In the second example, the particle "가" is included within the entity annotation.

Questions:

Is this a known behavior for Korean NER models in spaCy?
Are there any best practices or recommendations for handling particles in Korean NER annotations?
How might this affect the model's performance on texts where particles may vary or be omitted?
Are there any potential drawbacks to this approach that I should be aware of?

I would appreciate any insights, explanations, or suggestions on how to best approach this issue while maintaining the integrity and flexibility of the NER model for Korean language processing.

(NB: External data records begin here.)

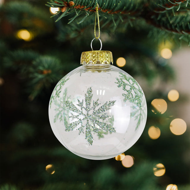 - Esta esfera para adorno de Navidad combina la belleza y el brillo del cristal real con la practicidad irrompible del plástico.
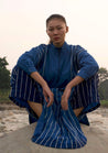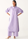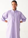 A striped tunic with a contrast U-yoke featuring a high neck with a zipper, curved high low hem and side pockets.
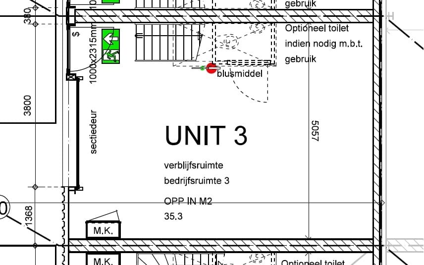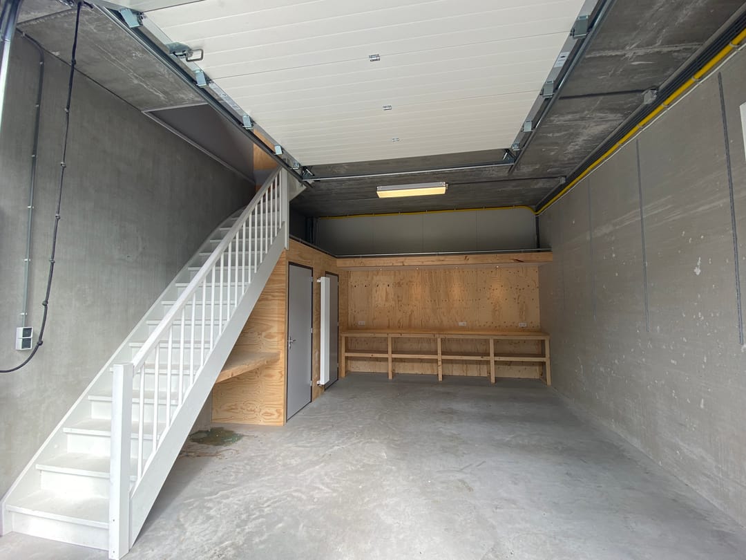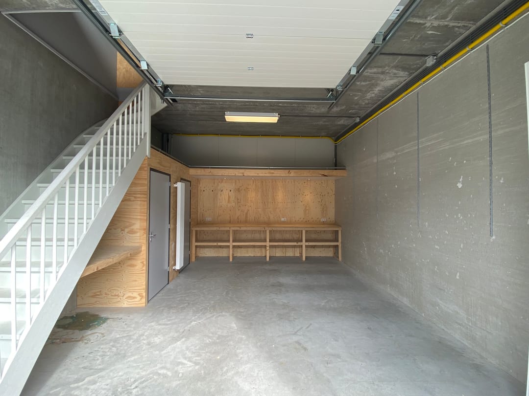 - Overheaddeuren, toilet, pantry en te openen ramen

How to reproduce the behaviour

config.cfg：

[paths]
train = null
dev = null
vectors = null
init_tok2vec = null

[system]
gpu_allocator = null
seed = 0

[nlp]
lang = "ko"
pipeline = ["tok2vec","tagger","morphologizer","parser","lemmatizer","senter","attribute_ruler","ner"]
disabled = ["senter"]
before_creation = null
after_creation = null
after_pipeline_creation = null
batch_size = 256
tokenizer = {"@Tokenizers":"spacy.Tokenizer.v1"}
vectors = {"@vectors":"spacy.Vectors.v1"}

[components]

[components.attribute_ruler]
source = "ko_core_news_lg"

[components.lemmatizer]
source = "ko_core_news_lg"

[components.morphologizer]
source = "ko_core_news_lg"

[components.ner]
source = "ko_core_news_lg"
replace_listeners = ["model.tok2vec"]

[components.parser]
source = "ko_core_news_lg"

[components.senter]
source = "ko_core_news_lg"

[components.tagger]
source = "ko_core_news_lg"

[components.tok2vec]
source = "ko_core_news_lg"

[corpora]

[corpora.dev]
@readers = "spacy.Corpus.v1"
path = ${paths.dev}
gold_preproc = false
max_length = 0
limit = 0
augmenter = null

[corpora.train]
@readers = "spacy.Corpus.v1"
path = ${paths.train}
gold_preproc = false
max_length = 0
limit = 0
augmenter = null

[training]
train_corpus = "corpora.train"
dev_corpus = "corpora.dev"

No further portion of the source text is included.